Activity => Output only the lines below from the one holding "This listing is" down to the one holding "Über die Treppe", both end lines included and every picture dropped.

Exercise materials =>
Start of Block

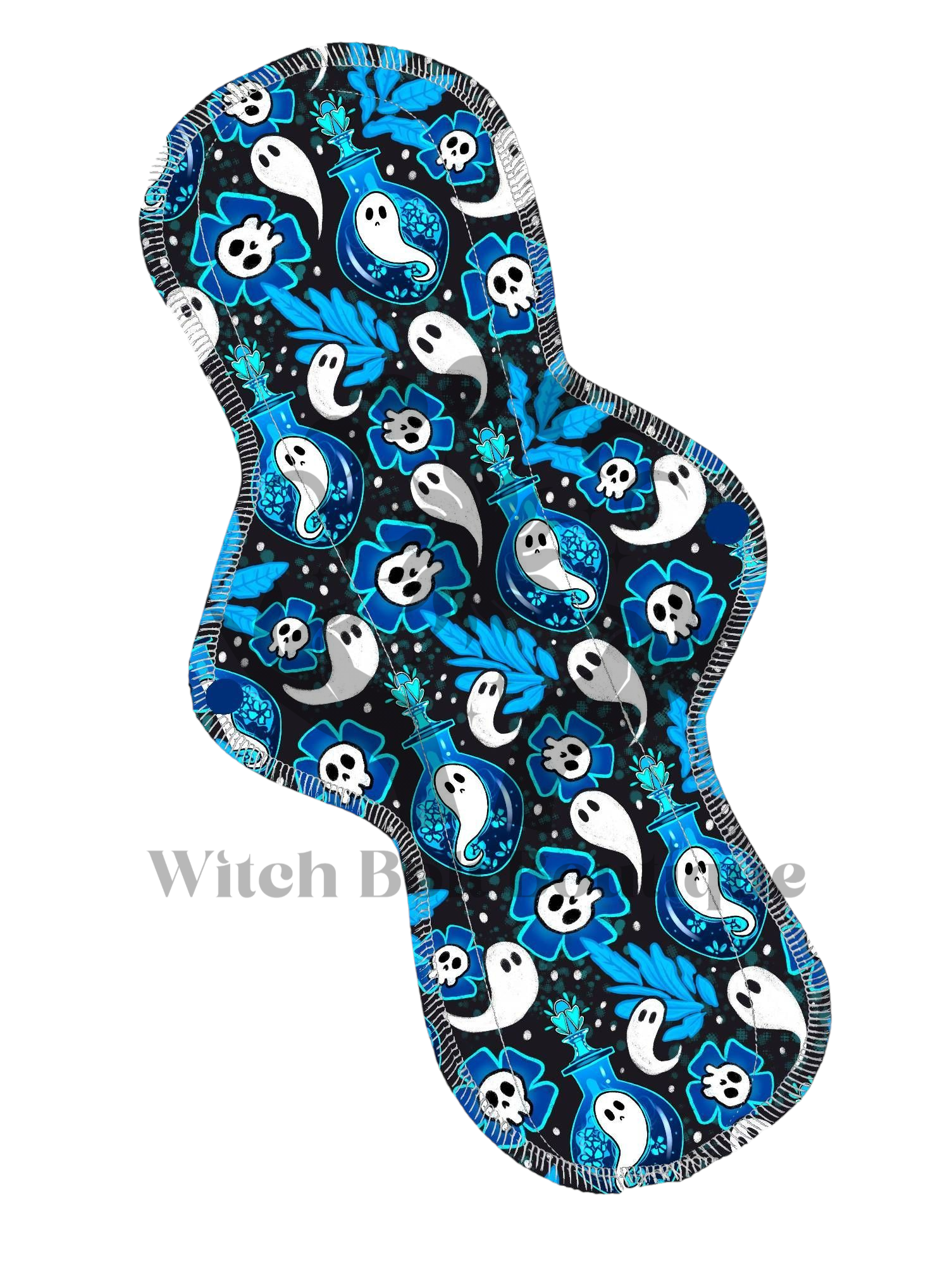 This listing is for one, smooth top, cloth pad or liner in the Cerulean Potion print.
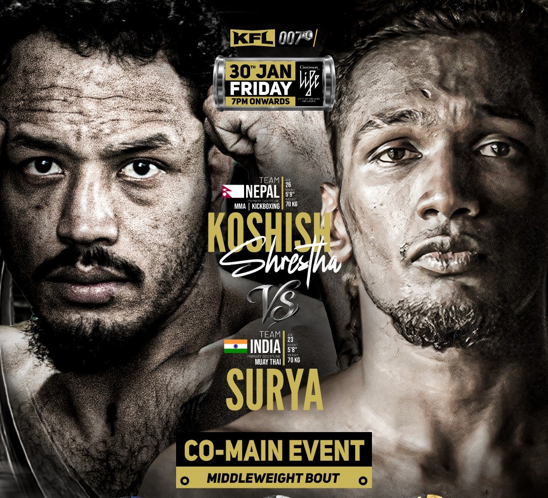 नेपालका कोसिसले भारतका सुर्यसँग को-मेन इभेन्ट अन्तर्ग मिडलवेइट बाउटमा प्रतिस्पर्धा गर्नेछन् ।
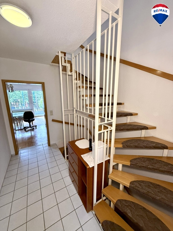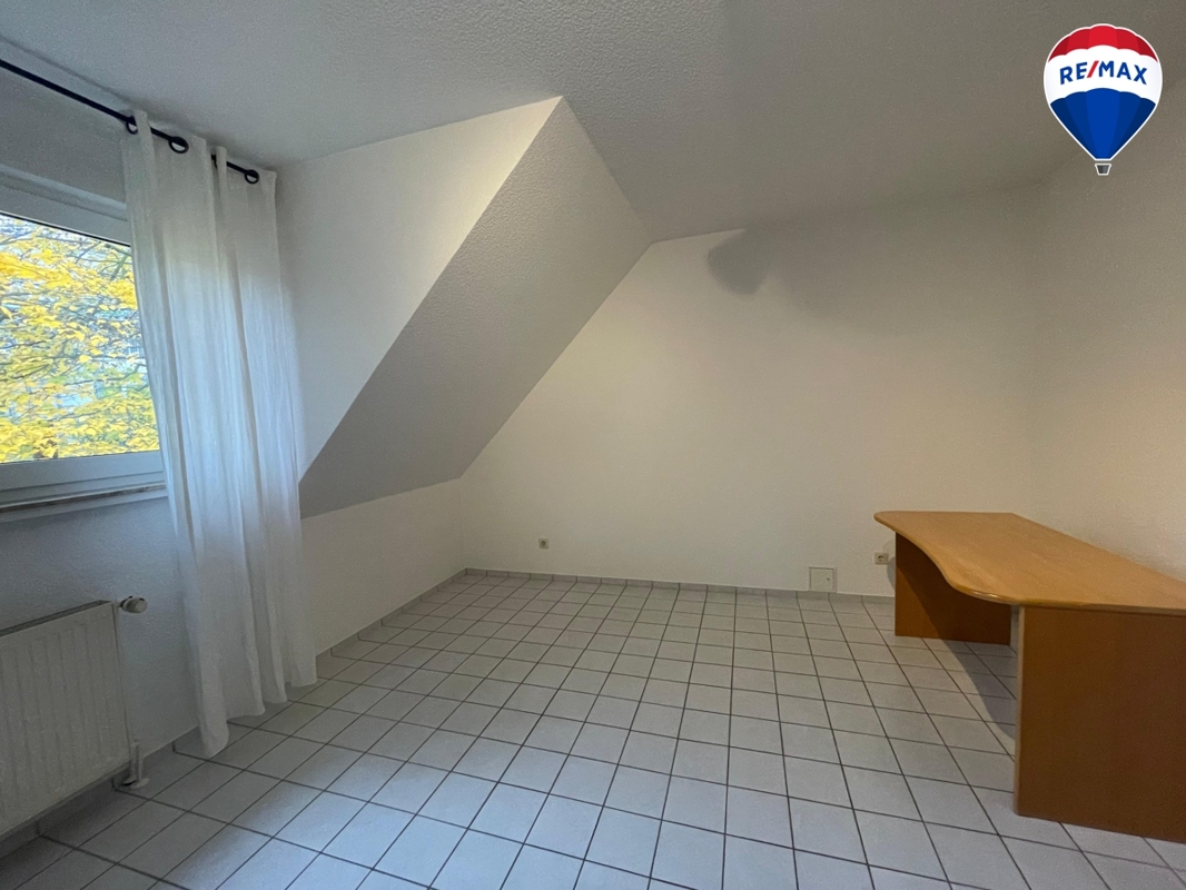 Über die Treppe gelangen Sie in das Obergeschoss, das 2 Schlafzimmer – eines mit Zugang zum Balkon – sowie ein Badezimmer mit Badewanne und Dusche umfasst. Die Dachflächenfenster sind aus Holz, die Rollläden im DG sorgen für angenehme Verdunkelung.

End of Block
Start of Block

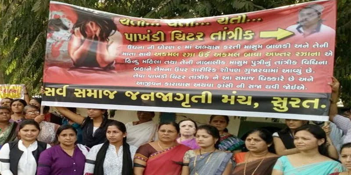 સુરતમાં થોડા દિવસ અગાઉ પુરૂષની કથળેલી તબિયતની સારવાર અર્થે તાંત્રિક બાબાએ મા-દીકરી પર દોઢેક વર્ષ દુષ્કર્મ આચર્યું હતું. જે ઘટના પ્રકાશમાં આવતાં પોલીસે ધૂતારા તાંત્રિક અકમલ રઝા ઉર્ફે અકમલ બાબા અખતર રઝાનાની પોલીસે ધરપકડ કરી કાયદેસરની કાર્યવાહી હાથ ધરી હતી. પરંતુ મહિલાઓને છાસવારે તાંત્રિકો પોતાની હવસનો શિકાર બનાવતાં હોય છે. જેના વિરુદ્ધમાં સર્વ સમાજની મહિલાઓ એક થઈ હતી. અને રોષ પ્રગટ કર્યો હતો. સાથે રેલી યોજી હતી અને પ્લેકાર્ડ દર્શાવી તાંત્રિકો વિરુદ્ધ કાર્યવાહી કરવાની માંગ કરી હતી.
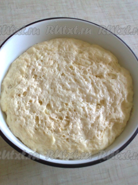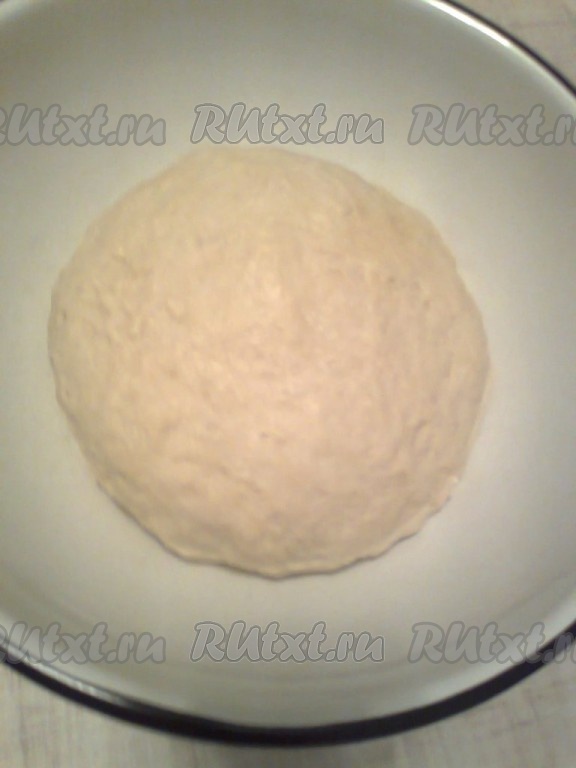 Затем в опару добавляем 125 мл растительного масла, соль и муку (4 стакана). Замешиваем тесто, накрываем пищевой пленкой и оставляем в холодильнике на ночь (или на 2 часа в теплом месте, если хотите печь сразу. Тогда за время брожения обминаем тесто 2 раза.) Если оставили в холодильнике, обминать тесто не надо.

End of Block

Answer to this problem =>
 This listing is for one, smooth top, cloth pad or liner in the Cerulean Potion print.
 नेपालका कोसिसले भारतका सुर्यसँग को-मेन इभेन्ट अन्तर्ग मिडलवेइट बाउटमा प्रतिस्पर्धा गर्नेछन् ।
 Über die Treppe gelangen Sie in das Obergeschoss, das 2 Schlafzimmer – eines mit Zugang zum Balkon – sowie ein Badezimmer mit Badewanne und Dusche umfasst. Die Dachflächenfenster sind aus Holz, die Rollläden im DG sorgen für angenehme Verdunkelung.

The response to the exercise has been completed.